How to complete this task: Repeat the data word for word and skip the pictures.

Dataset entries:
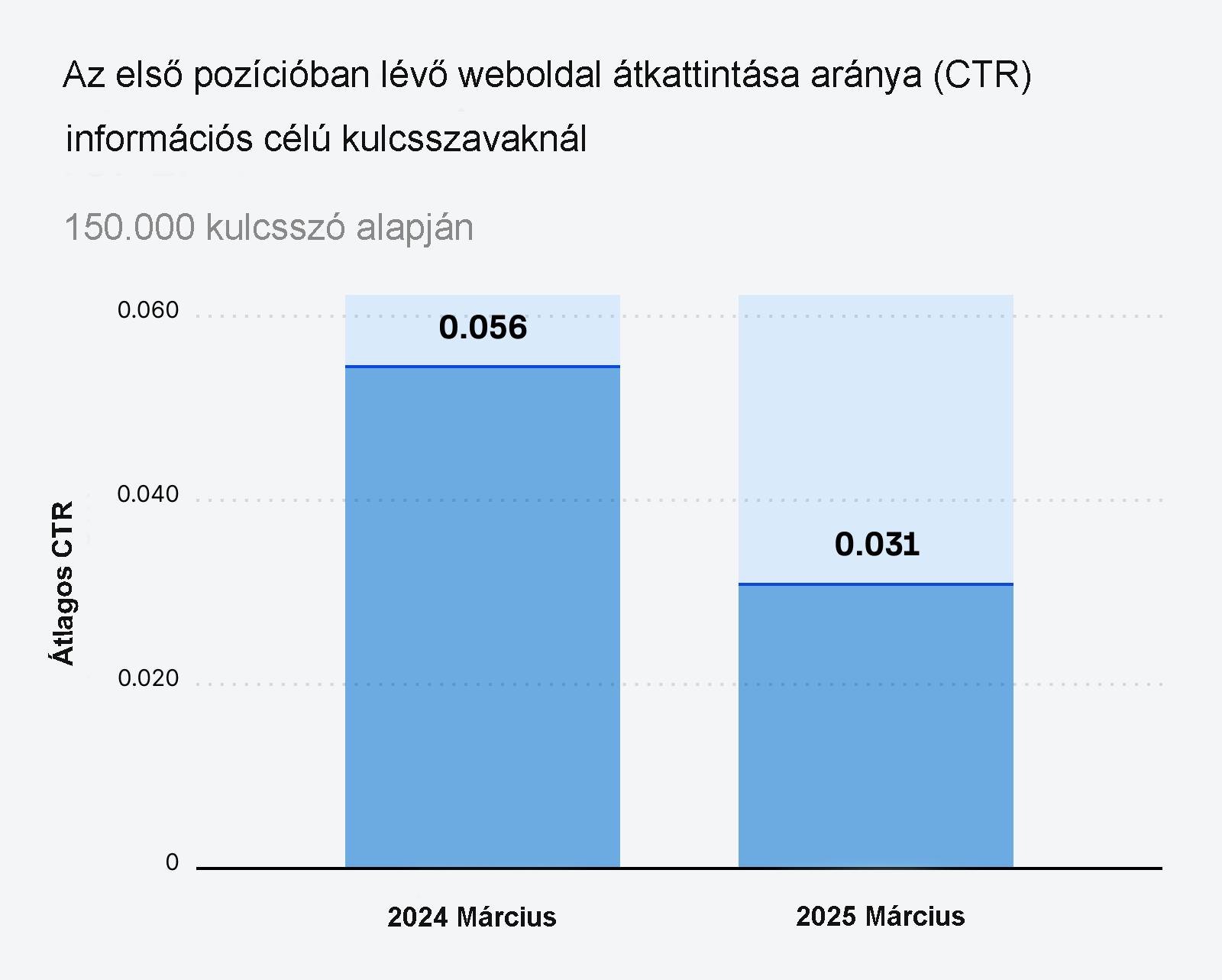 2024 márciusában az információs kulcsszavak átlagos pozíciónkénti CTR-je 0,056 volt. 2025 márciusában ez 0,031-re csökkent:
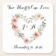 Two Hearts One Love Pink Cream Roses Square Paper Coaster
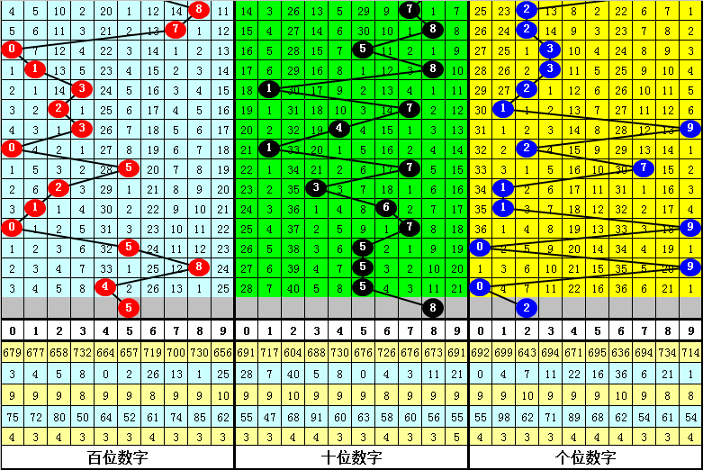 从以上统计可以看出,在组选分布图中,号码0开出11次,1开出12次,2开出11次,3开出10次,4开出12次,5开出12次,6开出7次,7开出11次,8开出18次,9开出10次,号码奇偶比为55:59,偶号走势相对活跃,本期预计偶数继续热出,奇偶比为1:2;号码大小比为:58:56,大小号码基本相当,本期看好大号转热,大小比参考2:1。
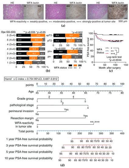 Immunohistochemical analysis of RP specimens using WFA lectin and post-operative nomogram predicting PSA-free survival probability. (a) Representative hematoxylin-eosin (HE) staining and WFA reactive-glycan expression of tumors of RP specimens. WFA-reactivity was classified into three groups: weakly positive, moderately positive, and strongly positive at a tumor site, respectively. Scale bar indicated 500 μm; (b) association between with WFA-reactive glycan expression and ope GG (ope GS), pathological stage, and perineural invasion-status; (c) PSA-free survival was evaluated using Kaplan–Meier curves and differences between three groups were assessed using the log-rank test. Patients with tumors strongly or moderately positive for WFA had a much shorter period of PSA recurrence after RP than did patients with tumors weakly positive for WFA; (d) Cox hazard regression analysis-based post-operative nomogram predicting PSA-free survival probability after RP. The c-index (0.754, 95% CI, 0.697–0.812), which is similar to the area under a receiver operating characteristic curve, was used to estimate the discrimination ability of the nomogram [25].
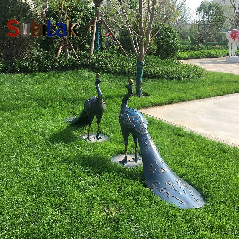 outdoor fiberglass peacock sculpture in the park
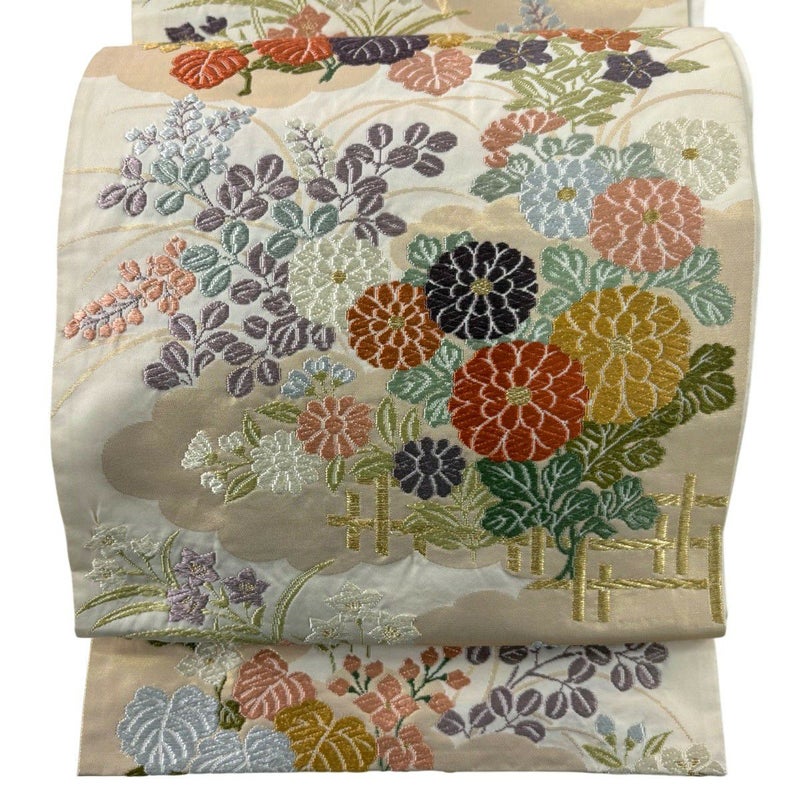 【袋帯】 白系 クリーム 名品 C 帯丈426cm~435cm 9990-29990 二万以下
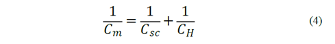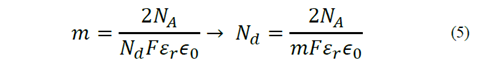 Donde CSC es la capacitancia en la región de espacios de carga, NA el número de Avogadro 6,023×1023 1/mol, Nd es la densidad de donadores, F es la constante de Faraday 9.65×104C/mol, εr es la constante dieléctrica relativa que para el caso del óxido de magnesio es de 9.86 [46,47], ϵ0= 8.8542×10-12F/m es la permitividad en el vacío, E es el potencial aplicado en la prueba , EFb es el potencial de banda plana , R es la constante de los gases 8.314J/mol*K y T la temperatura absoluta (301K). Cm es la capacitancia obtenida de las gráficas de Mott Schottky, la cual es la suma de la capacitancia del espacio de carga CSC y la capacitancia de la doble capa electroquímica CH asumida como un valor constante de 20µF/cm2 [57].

Answer to the exercise:
 2024 márciusában az információs kulcsszavak átlagos pozíciónkénti CTR-je 0,056 volt. 2025 márciusában ez 0,031-re csökkent:
 Two Hearts One Love Pink Cream Roses Square Paper Coaster
 从以上统计可以看出,在组选分布图中,号码0开出11次,1开出12次,2开出11次,3开出10次,4开出12次,5开出12次,6开出7次,7开出11次,8开出18次,9开出10次,号码奇偶比为55:59,偶号走势相对活跃,本期预计偶数继续热出,奇偶比为1:2;号码大小比为:58:56,大小号码基本相当,本期看好大号转热,大小比参考2:1。
 Immunohistochemical analysis of RP specimens using WFA lectin and post-operative nomogram predicting PSA-free survival probability. (a) Representative hematoxylin-eosin (HE) staining and WFA reactive-glycan expression of tumors of RP specimens. WFA-reactivity was classified into three groups: weakly positive, moderately positive, and strongly positive at a tumor site, respectively. Scale bar indicated 500 μm; (b) association between with WFA-reactive glycan expression and ope GG (ope GS), pathological stage, and perineural invasion-status; (c) PSA-free survival was evaluated using Kaplan–Meier curves and differences between three groups were assessed using the log-rank test. Patients with tumors strongly or moderately positive for WFA had a much shorter period of PSA recurrence after RP than did patients with tumors weakly positive for WFA; (d) Cox hazard regression analysis-based post-operative nomogram predicting PSA-free survival probability after RP. The c-index (0.754, 95% CI, 0.697–0.812), which is similar to the area under a receiver operating characteristic curve, was used to estimate the discrimination ability of the nomogram [25].
 outdoor fiberglass peacock sculpture in the park
 【袋帯】 白系 クリーム 名品 C 帯丈426cm~435cm 9990-29990 二万以下
 Donde CSC es la capacitancia en la región de espacios de carga, NA el número de Avogadro 6,023×1023 1/mol, Nd es la densidad de donadores, F es la constante de Faraday 9.65×104C/mol, εr es la constante dieléctrica relativa que para el caso del óxido de magnesio es de 9.86 [46,47], ϵ0= 8.8542×10-12F/m es la permitividad en el vacío, E es el potencial aplicado en la prueba , EFb es el potencial de banda plana , R es la constante de los gases 8.314J/mol*K y T la temperatura absoluta (301K). Cm es la capacitancia obtenida de las gráficas de Mott Schottky, la cual es la suma de la capacitancia del espacio de carga CSC y la capacitancia de la doble capa electroquímica CH asumida como un valor constante de 20µF/cm2 [57].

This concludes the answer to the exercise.